I/O-optimal algorithms on grid graphs

TL;DR

This paper introduces I/O-efficient algorithms for fundamental graph problems on grid graphs, achieving optimal I/O complexity of O(scan(n)) under certain memory conditions, improving upon previous Theta(sort(n)) algorithms.

Contribution

The paper presents the first I/O-optimal algorithms for several key graph problems on grid graphs, including shortest paths, MST, and topological sorting, with some being cache-oblivious.

Findings

Algorithms run in O(scan(n)) I/Os, matching the lower bound.

The minimum-spanning tree algorithm is cache-oblivious.

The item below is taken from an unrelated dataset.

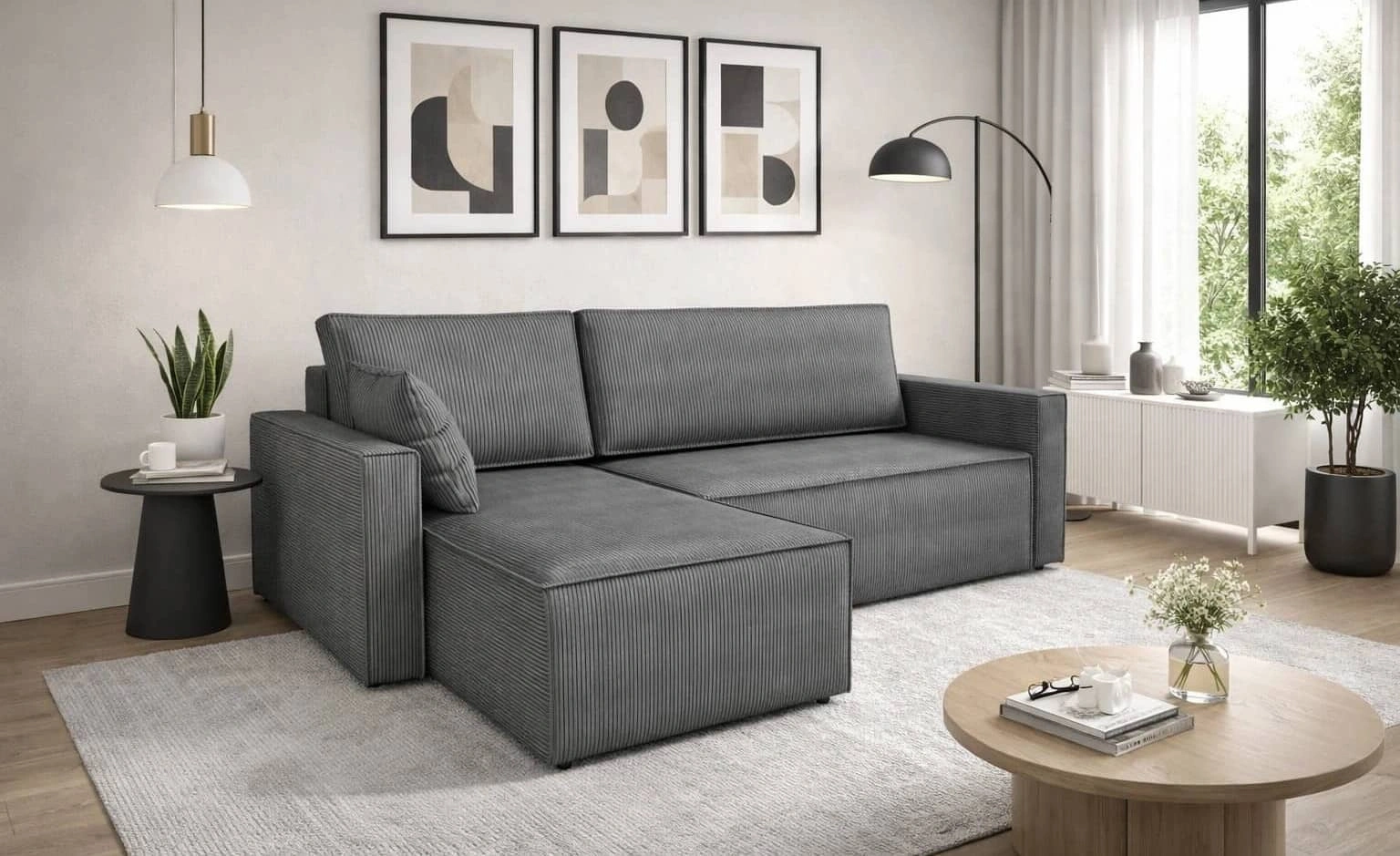 Dreidimensional kordstoff mit seiner ausgeprägten und dicken Rippung verleiht ihm einen besonderen Charakter und einzigartige Schönheit. Der Stoff ist sehr weich und dennoch stark und robust. Der Poso-Polsterungsstoff ist widerstandsfähig gegen Abrieb, und leicht sauber zu halten. So wird die Rebenes-Liegeecke lange Zeit ästhetisch und elegant aussehen. Das Ecksofa mit täglicher Schlaffunktion ist aus hochwertigen Materialien gefertigt, die gegen äußere Einflüsse wie Möbelbezüge und verschiedene Arten von Stößen resistent sind.

Estimated I/O volume suggests high practical efficiency.

Abstract

Given a graph of which the n vertices form a regular two-dimensional grid, and in which each (possibly weighted and/or directed) edge connects a vertex to one of its eight neighbours, the following can be done in O(scan(n)) I/Os, provided M = Omega(B^2): computation of shortest paths with non-negative edge weights from a single source, breadth-first traversal, computation of a minimum spanning tree, topological sorting, time-forward processing (if the input is a plane graph), and an Euler tour (if the input graph is a tree). The minimum-spanning tree algorithm is cache-oblivious. The best previously published algorithms for these problems need Theta(sort(n)) I/Os. Estimates of the actual I/O volume show that the new algorithms may often be very efficient in practice.